[Entries taken from a collection]

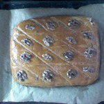 Накрываем вторым пластом теста и все повторяем еще раз. Когда будете укладывать очередной слой, слегка прихлопывайте по нему, чтобы вышел воздух. Теперь раскатаем больший из наших кусочков - это верхний слой. Накрыть им всю пахлаву, хорошенько скрепить края и все защипы завернуть под пахлаву. Получается вот такой гладкиий пирог.
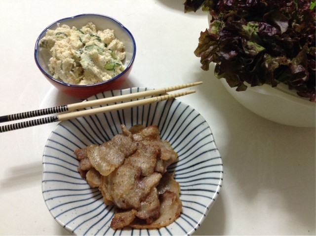 夕食:豚バラ焼肉のサニーレタス巻き&おからサラダ&野菜炒め 糖質18gくらい
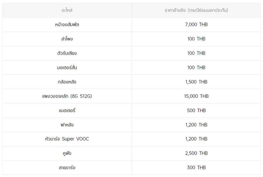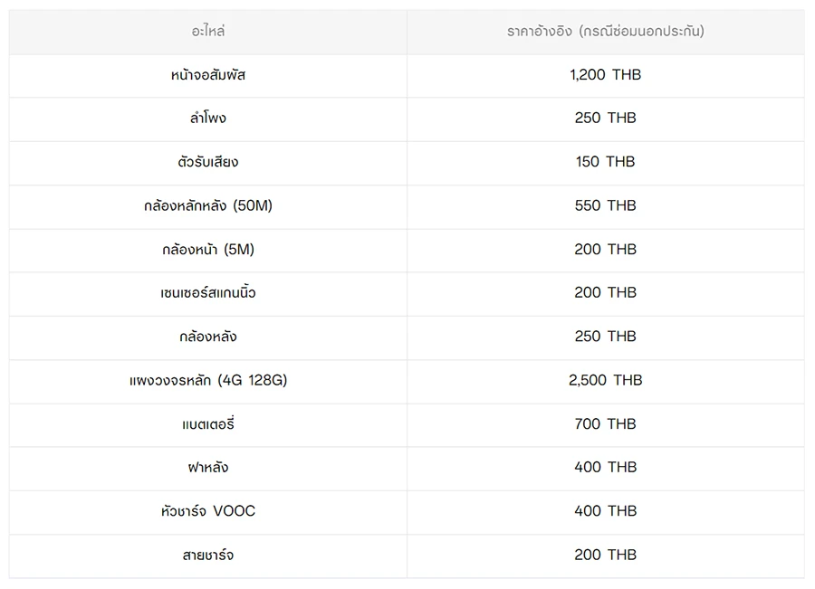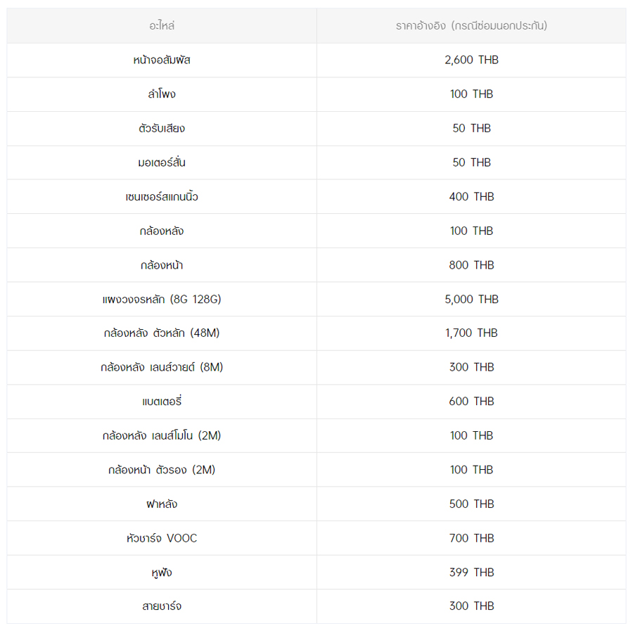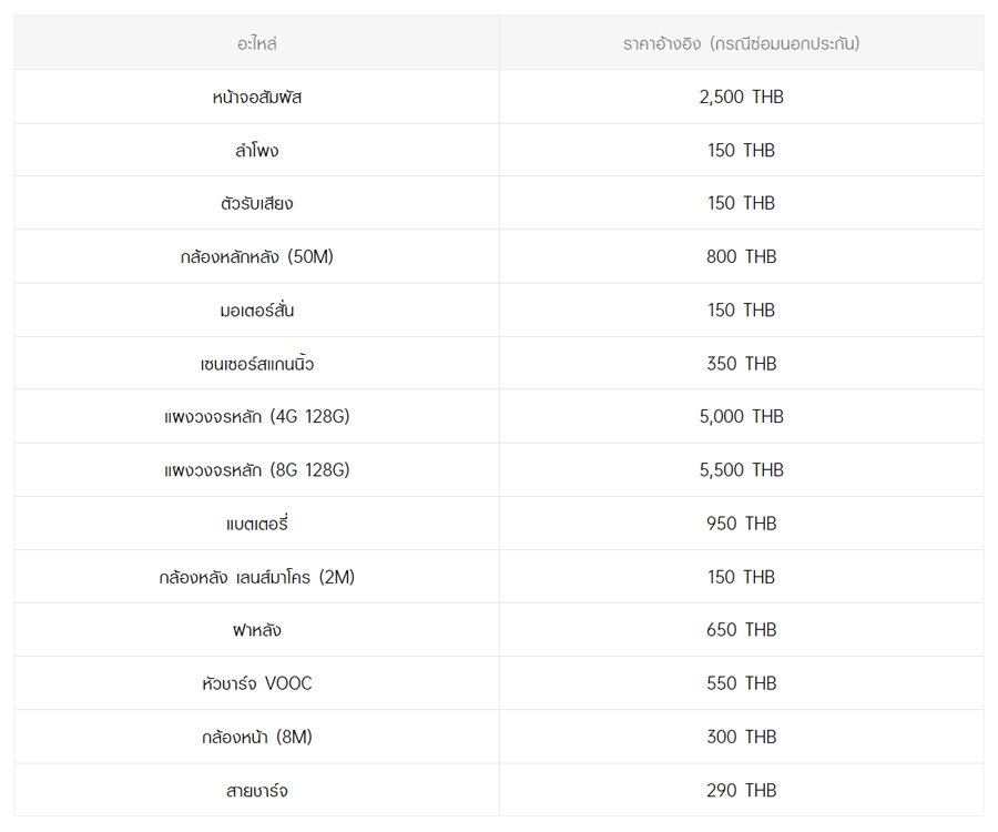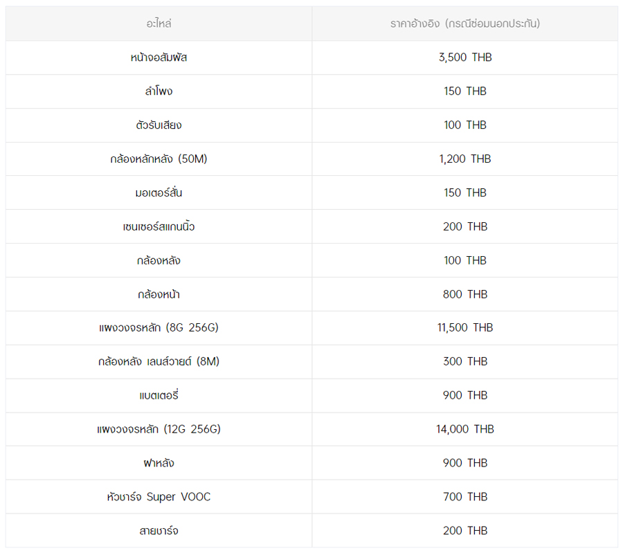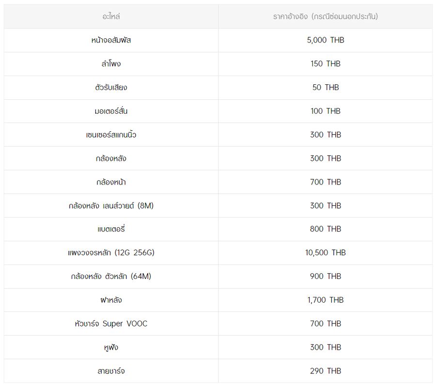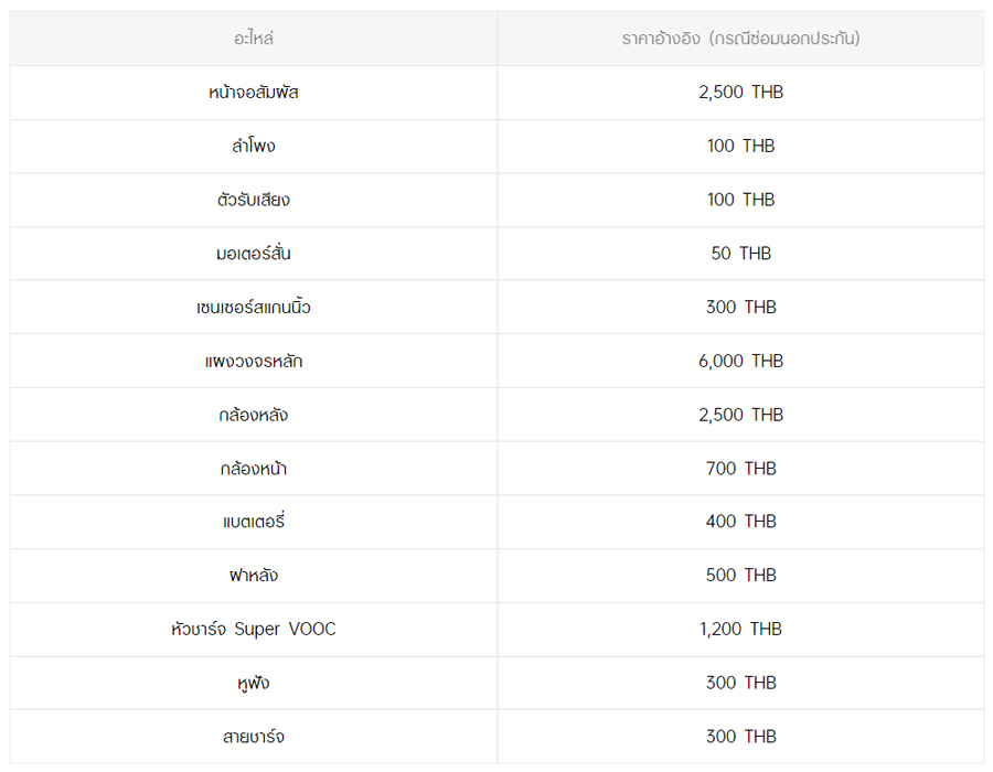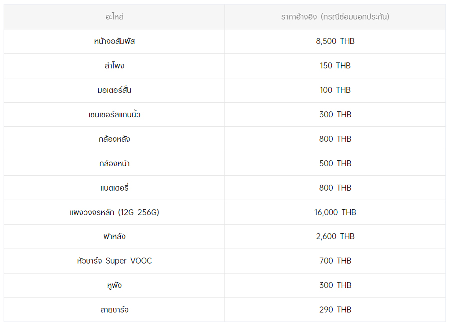 - หากต้องการทราบราคาในการซ่อมทั้งหมด สามารถสอบถามได้ ณ ศูนย์บริการออปโป้ หรือ OPPO Care
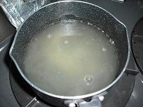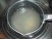 @ 水30mlに粉ゼラチンを A 鍋に水400ml、 B Aに@を入れ、
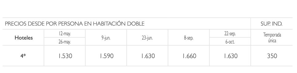 - Alojamiento y desayuno en hoteles previstos o similares categoría 4*, habitaciones dobles con baño o ducha.

# ASSIGNMENT
Set down exactly, from the line that contains "- หากต้องการทราบราคาในการซ่อมทั้งหมด สามารถสอบถามได้" through the last line of the data, each line as it stands, and leave the pictures out.

# ANSWER FOR THIS EXERCISE
 - หากต้องการทราบราคาในการซ่อมทั้งหมด สามารถสอบถามได้ ณ ศูนย์บริการออปโป้ หรือ OPPO Care
 @ 水30mlに粉ゼラチンを A 鍋に水400ml、 B Aに@を入れ、
 - Alojamiento y desayuno en hoteles previstos o similares categoría 4*, habitaciones dobles con baño o ducha.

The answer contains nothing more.